I hate wedding and have made this known to all my friends and family unless I am in the wedding party and they don’t have a replacement I’m not going. I have 2 wedding that I have to go, for my friends who don’t have other friends. If I can get away with it I’m not going to my sister’s wedding and will try to be out of town or have to work. So no I don’t get initiations as a must attend I think of them more as a please send a gift.
So what other purpose is there for getting married? Marriage is the legal union of two people. Nothing else.
I don’t mean to pick on you, Jayn_Newell, but you have gone on and on in various threads about your upcoming “wedding” with all trappings and trimmings of a real wedding. A wedding is:
1. the act or ceremony of becoming married; marriage
2. the marriage ceremony with its attendant festivities
You are already married. For you, that ship has sailed.
I understand that many people get married for expediency, for whatever reason, and then later, sometimes much later, throw a “wedding,” but I believe it’s only because the bride (okay, maybe the groom does sometimes, too :rolleyes: ) wants “her day” to be the center of attention in a floofy white dress and get gifts.
Fine.

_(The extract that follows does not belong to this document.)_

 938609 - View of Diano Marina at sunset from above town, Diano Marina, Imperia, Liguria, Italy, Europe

Do it. But you have no call to criticize anyone (i.e., your “wedding guests”) who does not enthusiastically buy into your fantasy.

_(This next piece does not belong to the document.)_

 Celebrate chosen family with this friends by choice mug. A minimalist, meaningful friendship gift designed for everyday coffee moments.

I would be happy to attend a post-marriage reception or a re-enactment to celebrate the marriage of family or friends, but if I thought I was being invited to a wedding and found out later the happy couple had already been married for months, I’d be pissed. I would feel like I’d been defrauded.
And that is this guest’s point of view, which is the subject of these threads.

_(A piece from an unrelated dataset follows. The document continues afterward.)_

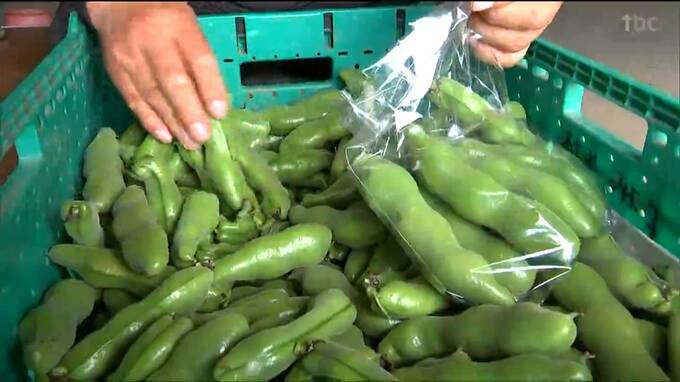 足立地区の農家、村上博さんのところでもいま、収穫作業に追われています。ソラマメは、今が旬ということで、村上さんは鮮やかな緑色に大きく育ったものを選んで一個一個ていねいにもぎ取っていました。

Having a chance to celebrate that union with friends and family.
Would it be too much to ask to drop this hijack? I don’t want to derail the thread further (I’ve done so too much already and I’m sorry for that). Besides, I’m leaving tomorrow so you won’t have to put up with me for at least a week If anyone really feels the need to comment further, you can PM me.
Some of my wife’s old friends from when she lived in the US as a kid got married a couple of years ago, and were more than a bit offended when we declined their invitation to attend on the grounds that they lived in rural Texas and it would have cost us $10,000 that we didn’t (and still don’t!) have to get there from Australia, not to mention the 25 hours or so in various flights/driving and the having to take 2 weeks off work (at least) without pay. We said that if they were having their wedding in somewhere affordable to get to like Los Angeles or Hawaii or Las Vegas then sure, we’d be there. But Small Town Texas just wasn’t doable- they were nowhere near anywhere of note and we worked out it would take two days just to drive there and back from Dallas, which basically meant we’d spend a week of our holiday just flying or driving to/from the destination, and we’d be as jetlagged as hell for the rest of it.
We invited them to our wedding to show there were no hard feelings, and they finally realised what we’d told them a couple of years earlier- but whereas we aren’t quite as far from a major airport as they are, the whole “Having to leave America and go somewhere Foreign” was a bit much for them (They’d never been outside the US except to Mexico). We said we’d come by and see them when we do our Really Big Tour of the US, and regale them with stories of the Big Wide World Outside America.
This is all a very long way of saying that if I’ve been invited to the wedding of someone I know or keep in regular contact with, I would consider it rude not to attend without a very good reason (ie illness, financial inability to go, or having to use most of my annual leave to travel somewhere not particularly interesting.)